I don’t remember what happened after that exactly but after a few failed attempts at other projects, we finally set down in earnest to tackle the generalized activity equations for spiking neurons. We realized that instead of using integrate-and-fire neurons, which have a discontinuity, we should use the Theta neuron model with synaptic coupling. One of the side benefits of our project was that we fully worked out the correct mean field theory for this model. It involves two “fields”, one for the density of neurons at a particular phase and the other for the synaptic drive to the neurons. The resulting path integral representation also has two fields. Since our theory perturbs around mean field theory, a requirement to calculate quantities is that we must first solve the mean field equations. This is actually quite difficult since it consists of an integro-partial differential equation.
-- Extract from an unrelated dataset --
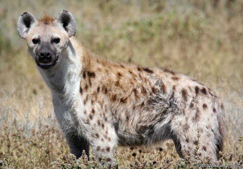 Пятнистая гиена. Размер в длину около 1,3 м, в высоту– 0,8 м. Шерсть бело-серая, с темно-бурыми пятнами по бокам и бедрам. Черный хвост. Обитает в Африке. Если сталкивается с полосатой гиеной, безжалостно вытесняет ее. Она крупнее и сильнее остальных особей, поэтому вызывает больший страх.

Closed form solutions can be obtained for the asynchronous state and numerical solutions can be obtained in other regimes. Our PLoS Computational Biology paper considers the Theta model and an even simpler “phase” model. We explicitly compute the complete time-dependent second moment of the firing rate and synaptic drive including transients. The equations in the paper are not rendered perfectly unfortunately but they should be understandable. Don’t hesitate to ask me or Michael if you have any questions. This paper does not produce the 2PI for the theta model but it shows the way of how that can be achieved.